The Allobrain project is an interactive, immersive, multimodal art installation that uses fMRI brain data to construct a virtual world. Inside this world are dynamic elements that accompany the user in the exploration of the fMRI data. The Allobrain project makes digital data experiential, immersing the physical user into digitized physicality.

The Allobrain project was designed to highlight the potential of the CNSI Allosphere as a space, to be a test bed for the hardware infrastructure (leading to the development of the Cosm toolkit, for example), and to articulate, through its artistic statement, a vision of the possibilities of the space.

The Allobrain project was commissioned as the debut content for the Allosphere. The Allosphere is a recently constructed immersive space for scientific and artistic visualization and sonification. It is designed for the purpose of gaining insight and developing bodily intuition about environments in which the body cannot venture: N-dimensional information spaces, the worlds of the very small or very large, from nanotechnology to cosmology, from neurophysiology to new media. One of the Allosphere’s main functions is building immersive virtual worlds for the exploration of large scientific and artistic data sets. The Allosphere is composed of an acoustically porous metal sphere functioning as a 10-meter diameter projection screen that is suspended within a three story near-anechoic space. The space can accommodate approximately twenty people on a bridge that runs through the middle of the sphere.
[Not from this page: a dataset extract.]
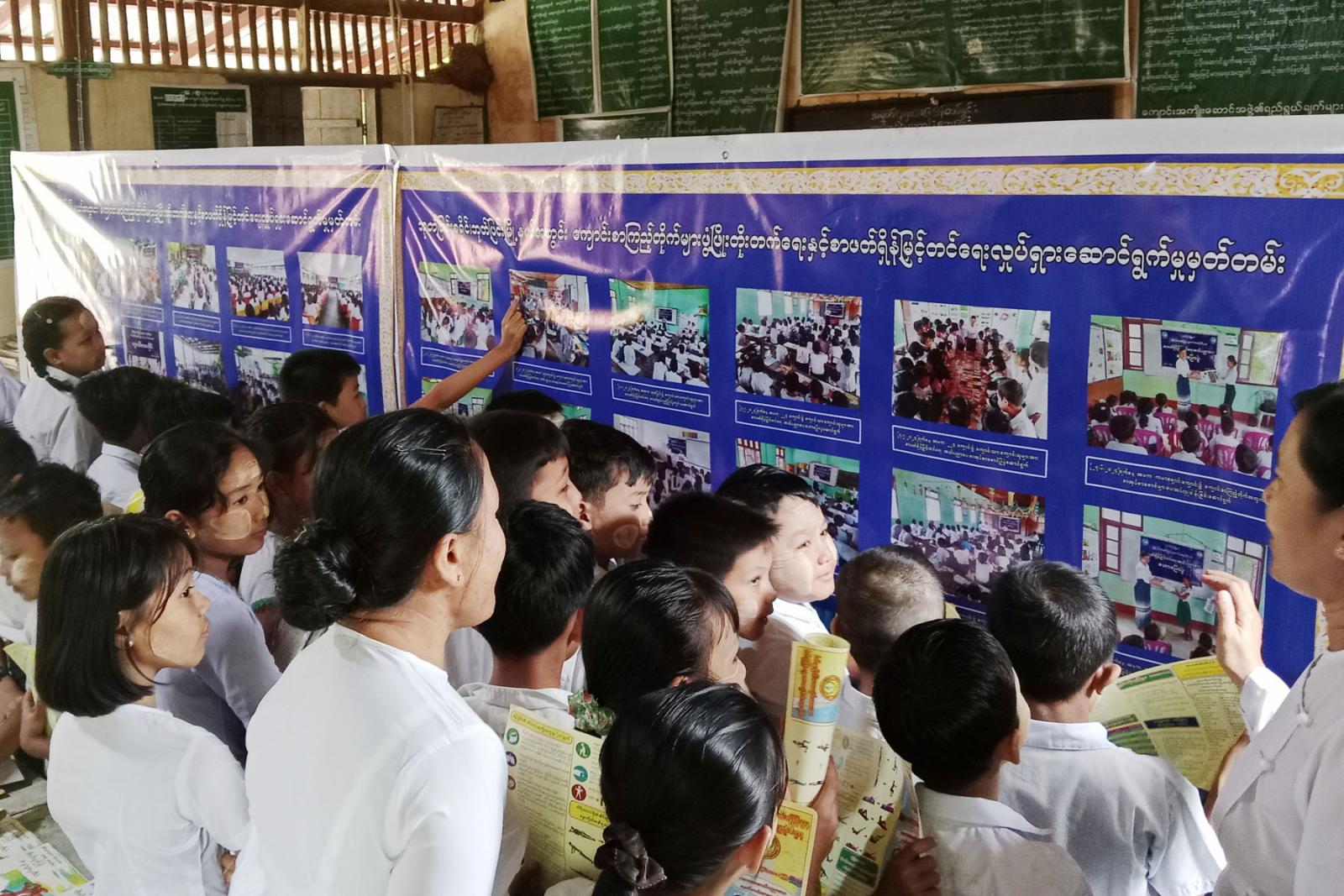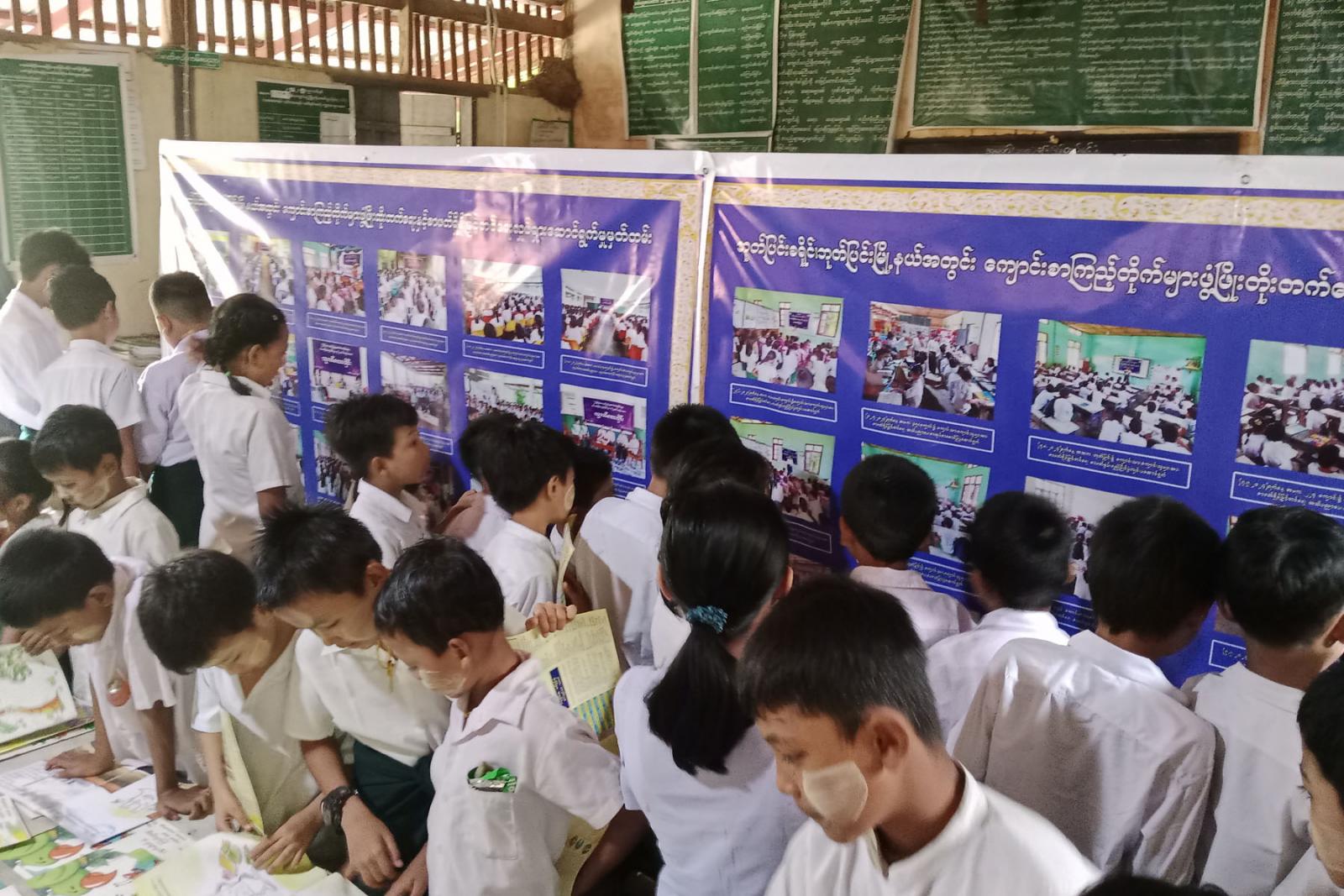 ထို့နောက် ပြန်ကြားရေးနှင့်ပြည်သူ့ဆက်ဆံရေးဦးစီးဌာနမှ စာဖတ်ရှိန်မြှင့်တင်ရေးအသိပညာပေး နံရံကပ်စာစောင်များ၊ စာအုပ်စာစောင်များ ခင်းကျင်းပြသထားရာ ကျောင်းသားကျောင်းသူများ စိတ်ပါဝင်စားစွာ ကြည့်ရှုလေ့လာဖတ်ရှုခဲ့ကြကြောင်း သိရသည်။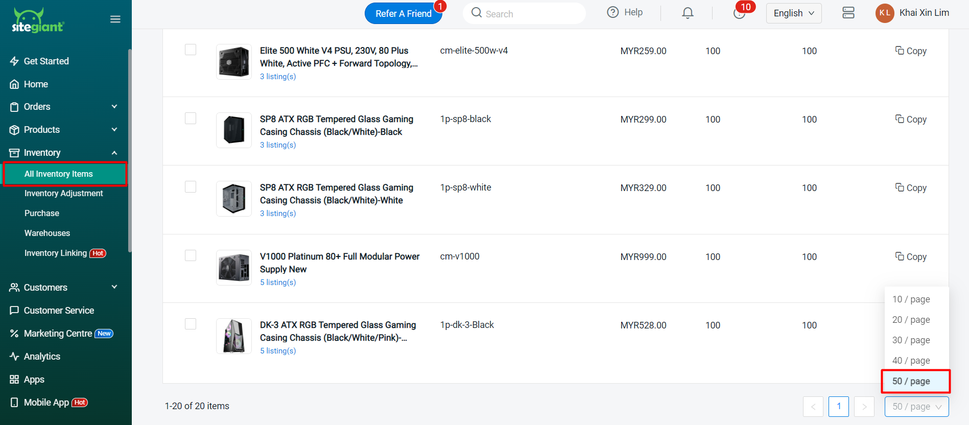 ขั้นตอนที่ 1: ไปที่ All Inventory Items > เลื่อนลงมาล่างสุด > เปลี่ยนหน้าให้แสดง 50 รายการ

The Allobrain project capitalizes on the immersive qualities of the virtual reality space to blur the divide between the physical and the digital. In plain terms, it digitizes the physical brain thus permitting users to physically inhabit this digital data space. Using the brain as virtual architecture succeeds as a poetic image, synthesizing many things into a seemingly simple gesture that creates an effective aesthetic experience. First, in its shape, it seizes on the elective affinity of the parallel between the two hemispheres of the brain and the medium of the Allosphere. Second, it engages a centuries-old debate about the relation of Architecture and the body. It consciously inverts the historical relation, where the exterior body was used to proportion architecture, and proceeds to create a compelling space from the geometries of the brain. Finally, it indicates the strangeness of a cultural moment when the mind has given to the brain, psychology to neurophysiology, and it has become possible for the artist/scientist to invite people, quite literally, inside one’s head.